Tuesday, March 20, 2007

Mastermind and Interactions

The board game, Mastermind, can be used to demonstrate interactions and main effects in an abstract way.

Here is Wikipedia's description of Mastermind (click here). Downloadable versions of Mastermind can be found near the bottom of that page. Finding original games is still possible. Try an eBay search for Mastermind, for instance.

Playing Mastermind is, ultimately, a search for the interaction of its two variables (a.k.a. main effects) peg color and peg position. A player wins when the opponent's pattern of pegs has been decoded. During play, the coding player provides feedback (or, values for a dependent variable) using white or black pegs. A white peg indicates that the correct color of a peg has been decoded, but that the peg is not in the correct position. A black peg indicates that both the color of the peg and its position are correct. The decoding player wins when all of the feedback pegs are black.

Mastermind can also be used to illustrate (again, in an abstract way) effective experimental design. Decoding players who do not plan their decoding stategy will nearly always fail to discover the coded pattern. Try a game or two.

NY Times article: Tracing the cigarette's path from sexy to deadly

Here's a link to a New York Times article (2007-03-20): Tracing the cigarette's path from sexy to deadly. It details how long it took people and society to realize that cigarettes are dangerous.

National Irag Survey

ABC News, in conjuction with BBC and ARD TV (Germany) has conducted another opinion survey in Iraq using a random sample. Here is how they selected respondents (see http://abcnews.go.com/US/story?id=2954886&page=1 for complete details):

"Four hundred and fifty-eight sampling points were distributed proportionate to population size in each of Iraq's 18 provinces, then in each of the 102 districts within the provinces, then by simple random sampling among Iraq's nearly 11,000 villages or neighborhoods, with urban/rural stratification at each stage."

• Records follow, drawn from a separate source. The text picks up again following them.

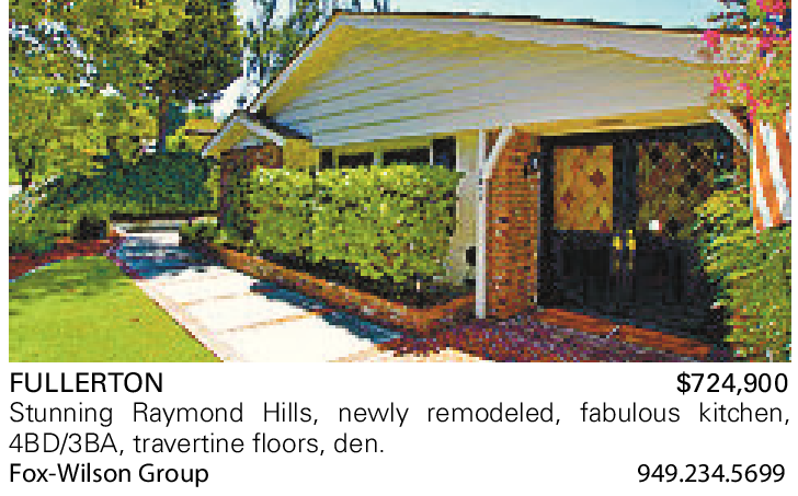 FULLERTON $724,900 Stunning Raymond Hills, newly remodeled, fabulous kitchen, 4BD/3BA, travertine floors, den. Fox-Wilson Group 949.234.5699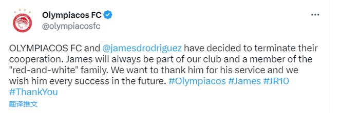 俱乐部与J罗已经决定终止合作。哈梅斯将永远是我们俱乐部的一部分,永远是红白大家庭的一员。我们感谢他的付出,祝愿他在未来一切顺利。
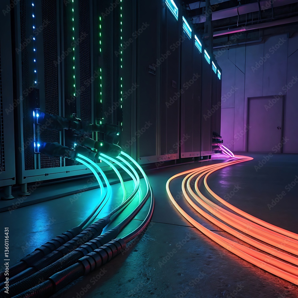 Abstract Neon Cables Connection Illustration, Data Center Technology ...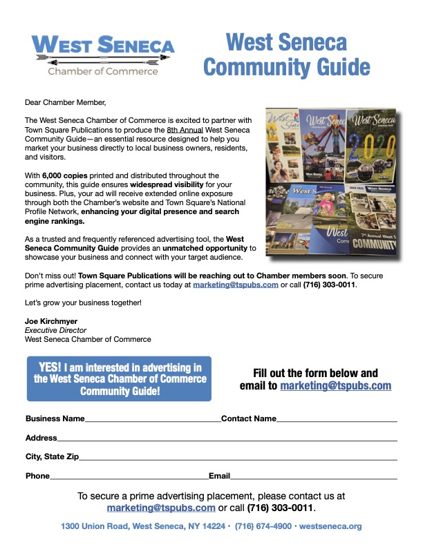Today we are kicking off our 8th annual West Seneca Community Guide … with a twist. This year we are teaming up with the media professionals at Town Square Publications to produce our Community Guide, along with an online version that will enhance your digital presence! So when you receive a call from Town Square Publications regarding advertising in the Guide, please note that it is not a scam and that they are partners with us in the production of this very popular yearly publication.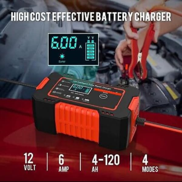 Package Included: 1x Car Battery Charger Features: - Different charge for temperature detection in winter and summer, the microcomputer automatically recognizes the ambient temperature and gives you theappropriate charging voltage for the battery according to the season.Fully charged in winter,overcharged in summer, extending battery life. - The operation is simple and two steps are enough, connect the battery and plug it in (select the right mode), and itwill charge automatically, which is super easy to operate - One-click repair battery, use high-frequency and low-frequency pulse technology to solve battery shortage, charging, large internal resistance and other problems, and make your battery look new. - Precisely switch touch keys, newly designed buttons, refuse to freeze. - Multiple cars/start-stop/motorcycle/maintenance, one-button switch: start-stop battery/normal battery, dual-mode battery charging, no battery damage - Universal 12V wide range, Suitable For 12V Lead-Acid Battery/Start-Stop Battery/Dry Water Battery (Lithium Battery Is Prohibited) - Not only can charge but also detect the battery, intelligent digital display, which can display power, voltage and temperature. - The quality of creative works comes first, Using pure copper soft core wire, fully wrapped high-conductivityalligator clip, cold and frost-resistant, safe. Specifications: - Color: Green, Blue, Red, Yellow(Optional) - Plug: UK Plug, EU Plug, US Plug, CN Plug - Output line length: 65cm/25.6'' - Input line length: 90cm/35.4'' - VI: AC110-220V (50-60HZ) - OV: DC 6A --- (MAX) - VO: DC13.8-15.5V - Application:12V 2Ah-100Ah - Demension: 150x62x85mm/5.9x3.4x2.4'' - Universal uses: Suitable For 12V Lead-Acid Battery/Start-Stop Battery/Dry Water Battery (Lithium Battery Is Prohibited).

"Maps or grids were used to select random starting points within each sampling point, with household selection by random interval and within-household selection by the 'next-birthday' method. An average of five interviews were conducted per sampling point. Three of the 458 sampling points were inaccessible for security reasons and were substituted with randomly selected replacements."

One measure of the success of the survey was that none of the interviewers were killed or injured during the course of the research. Comments from the pollsters can be viewed at:

http://abcnews.go.com/US/story?id=2954867&page=1

Some of the main results are summarized below:
  • My own life is going well: 2005/71% said yes and in 2007/39% said yes
  • I expect my life to get better: 2005/64% said yes and in 2007/35% said yes
  • My own neighborhood is not safe: 2005/36% said yes and in 2007/74% said yes
The survey was conducted by D3 Systems of Vienna, VA, USA.